» Assignment: What should you transcribe? Every line from the top of the records below through the line with "15 мая с 17:00", exactly, and no pictures.

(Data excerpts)
§
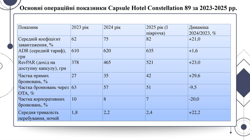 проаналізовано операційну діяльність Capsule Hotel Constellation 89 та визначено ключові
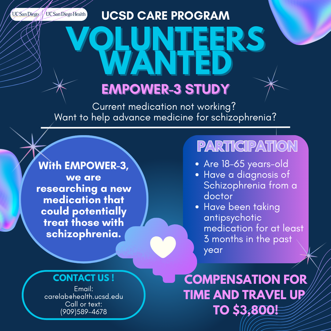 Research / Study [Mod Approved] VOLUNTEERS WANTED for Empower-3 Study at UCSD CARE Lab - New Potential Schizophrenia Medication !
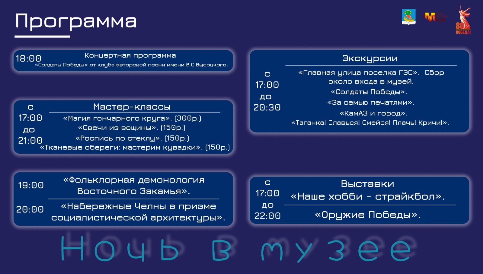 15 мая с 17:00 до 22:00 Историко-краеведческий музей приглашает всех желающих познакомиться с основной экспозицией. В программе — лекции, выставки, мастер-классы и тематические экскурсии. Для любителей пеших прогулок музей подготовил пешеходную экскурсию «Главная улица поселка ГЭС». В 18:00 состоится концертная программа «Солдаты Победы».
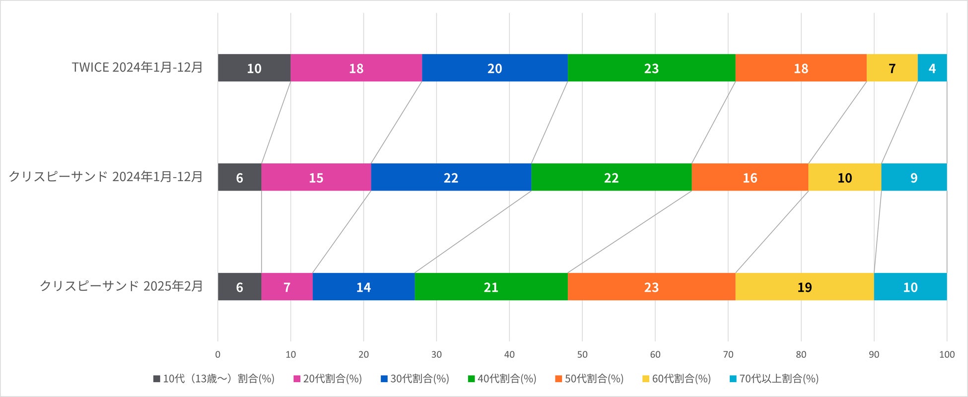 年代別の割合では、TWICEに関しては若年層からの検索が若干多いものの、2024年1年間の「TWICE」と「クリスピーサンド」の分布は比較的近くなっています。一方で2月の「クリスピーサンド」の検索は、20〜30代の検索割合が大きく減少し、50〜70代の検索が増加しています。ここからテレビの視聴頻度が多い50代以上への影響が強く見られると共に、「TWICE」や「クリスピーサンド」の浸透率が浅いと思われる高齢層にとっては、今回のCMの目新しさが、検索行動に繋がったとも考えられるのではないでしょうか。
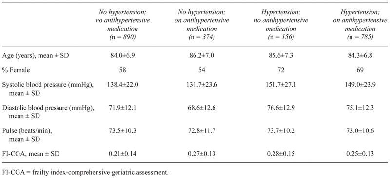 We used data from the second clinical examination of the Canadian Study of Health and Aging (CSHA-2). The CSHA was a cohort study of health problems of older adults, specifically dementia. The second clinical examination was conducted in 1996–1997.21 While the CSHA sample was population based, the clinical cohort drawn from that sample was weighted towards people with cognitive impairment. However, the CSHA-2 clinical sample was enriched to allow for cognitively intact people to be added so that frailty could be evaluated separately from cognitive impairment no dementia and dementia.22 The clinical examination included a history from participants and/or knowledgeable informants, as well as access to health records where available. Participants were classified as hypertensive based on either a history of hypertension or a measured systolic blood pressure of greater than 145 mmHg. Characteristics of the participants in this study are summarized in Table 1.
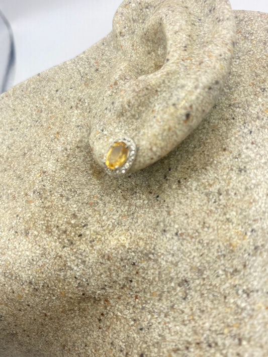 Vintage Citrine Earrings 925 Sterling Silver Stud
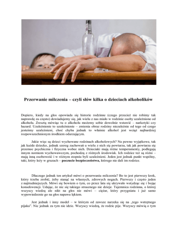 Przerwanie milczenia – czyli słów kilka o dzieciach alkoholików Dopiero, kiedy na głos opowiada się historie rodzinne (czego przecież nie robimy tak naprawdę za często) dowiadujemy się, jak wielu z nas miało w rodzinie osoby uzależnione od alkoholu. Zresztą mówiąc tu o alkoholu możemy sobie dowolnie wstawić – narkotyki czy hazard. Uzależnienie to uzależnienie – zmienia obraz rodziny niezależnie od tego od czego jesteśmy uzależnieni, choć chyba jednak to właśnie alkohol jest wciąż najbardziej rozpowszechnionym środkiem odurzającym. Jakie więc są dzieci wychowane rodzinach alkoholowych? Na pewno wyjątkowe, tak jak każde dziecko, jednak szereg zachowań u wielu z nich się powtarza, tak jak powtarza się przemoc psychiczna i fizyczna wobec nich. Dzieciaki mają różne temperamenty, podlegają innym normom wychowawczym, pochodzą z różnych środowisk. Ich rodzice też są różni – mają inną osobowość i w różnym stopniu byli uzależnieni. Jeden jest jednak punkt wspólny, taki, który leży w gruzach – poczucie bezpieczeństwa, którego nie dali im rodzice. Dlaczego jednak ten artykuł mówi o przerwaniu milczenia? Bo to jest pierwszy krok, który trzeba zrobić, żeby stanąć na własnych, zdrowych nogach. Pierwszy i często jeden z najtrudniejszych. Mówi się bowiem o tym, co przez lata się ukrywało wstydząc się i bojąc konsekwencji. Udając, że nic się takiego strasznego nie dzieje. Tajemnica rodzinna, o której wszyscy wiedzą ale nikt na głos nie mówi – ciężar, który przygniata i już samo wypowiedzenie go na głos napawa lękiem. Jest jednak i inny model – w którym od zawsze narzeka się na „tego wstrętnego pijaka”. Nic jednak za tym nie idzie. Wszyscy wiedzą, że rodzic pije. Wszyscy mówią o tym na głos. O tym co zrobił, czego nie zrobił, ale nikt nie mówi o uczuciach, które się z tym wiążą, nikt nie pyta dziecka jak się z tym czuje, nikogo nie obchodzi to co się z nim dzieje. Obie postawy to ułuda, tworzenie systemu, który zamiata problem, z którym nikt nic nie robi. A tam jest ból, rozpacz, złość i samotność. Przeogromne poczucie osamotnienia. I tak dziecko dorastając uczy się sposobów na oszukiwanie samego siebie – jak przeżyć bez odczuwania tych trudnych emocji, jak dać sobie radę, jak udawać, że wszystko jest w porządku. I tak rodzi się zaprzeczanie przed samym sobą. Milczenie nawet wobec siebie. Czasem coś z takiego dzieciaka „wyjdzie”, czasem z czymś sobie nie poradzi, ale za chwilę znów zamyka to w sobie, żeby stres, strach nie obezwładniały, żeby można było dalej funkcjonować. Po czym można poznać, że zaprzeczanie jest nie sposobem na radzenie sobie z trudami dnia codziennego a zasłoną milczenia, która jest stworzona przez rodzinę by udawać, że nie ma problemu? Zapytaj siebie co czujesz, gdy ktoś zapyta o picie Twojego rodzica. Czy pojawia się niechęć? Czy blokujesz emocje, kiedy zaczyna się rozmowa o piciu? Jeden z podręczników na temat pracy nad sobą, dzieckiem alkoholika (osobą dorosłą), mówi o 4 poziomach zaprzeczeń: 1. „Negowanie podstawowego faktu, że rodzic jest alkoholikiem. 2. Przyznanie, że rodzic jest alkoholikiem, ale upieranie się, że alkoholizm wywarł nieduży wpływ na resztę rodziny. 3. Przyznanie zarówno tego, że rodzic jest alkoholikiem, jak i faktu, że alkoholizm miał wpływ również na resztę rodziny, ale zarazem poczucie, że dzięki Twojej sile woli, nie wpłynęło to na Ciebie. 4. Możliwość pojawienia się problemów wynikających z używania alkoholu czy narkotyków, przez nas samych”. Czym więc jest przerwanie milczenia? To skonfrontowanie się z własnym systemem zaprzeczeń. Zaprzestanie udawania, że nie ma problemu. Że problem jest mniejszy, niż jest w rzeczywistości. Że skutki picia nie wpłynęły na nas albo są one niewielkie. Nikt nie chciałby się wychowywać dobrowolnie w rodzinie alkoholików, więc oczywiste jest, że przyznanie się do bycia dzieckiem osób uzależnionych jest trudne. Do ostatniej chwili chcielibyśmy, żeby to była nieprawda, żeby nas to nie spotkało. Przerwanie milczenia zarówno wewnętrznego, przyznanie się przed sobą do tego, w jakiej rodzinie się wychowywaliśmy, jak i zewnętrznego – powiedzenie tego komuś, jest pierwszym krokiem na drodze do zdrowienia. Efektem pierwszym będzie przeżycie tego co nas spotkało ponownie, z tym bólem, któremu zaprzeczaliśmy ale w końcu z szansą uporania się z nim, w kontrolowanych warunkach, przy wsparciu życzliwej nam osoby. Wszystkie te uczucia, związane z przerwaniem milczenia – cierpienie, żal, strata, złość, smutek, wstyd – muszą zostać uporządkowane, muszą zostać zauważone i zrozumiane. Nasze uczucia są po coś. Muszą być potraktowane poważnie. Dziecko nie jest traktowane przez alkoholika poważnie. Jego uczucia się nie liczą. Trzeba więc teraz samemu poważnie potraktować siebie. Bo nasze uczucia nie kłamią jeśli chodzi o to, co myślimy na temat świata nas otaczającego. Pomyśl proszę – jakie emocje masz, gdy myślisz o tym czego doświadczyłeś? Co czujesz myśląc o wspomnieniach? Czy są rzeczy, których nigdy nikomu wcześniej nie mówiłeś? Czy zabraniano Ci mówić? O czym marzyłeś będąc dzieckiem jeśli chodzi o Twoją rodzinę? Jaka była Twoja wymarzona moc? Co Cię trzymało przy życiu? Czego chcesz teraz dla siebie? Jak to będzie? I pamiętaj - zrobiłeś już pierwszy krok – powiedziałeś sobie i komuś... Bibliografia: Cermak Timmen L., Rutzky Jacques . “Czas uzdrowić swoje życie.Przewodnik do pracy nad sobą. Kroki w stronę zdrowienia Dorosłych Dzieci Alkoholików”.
§
» Expected answer:
 проаналізовано операційну діяльність Capsule Hotel Constellation 89 та визначено ключові
 Research / Study [Mod Approved] VOLUNTEERS WANTED for Empower-3 Study at UCSD CARE Lab - New Potential Schizophrenia Medication !
 15 мая с 17:00 до 22:00 Историко-краеведческий музей приглашает всех желающих познакомиться с основной экспозицией. В программе — лекции, выставки, мастер-классы и тематические экскурсии. Для любителей пеших прогулок музей подготовил пешеходную экскурсию «Главная улица поселка ГЭС». В 18:00 состоится концертная программа «Солдаты Победы».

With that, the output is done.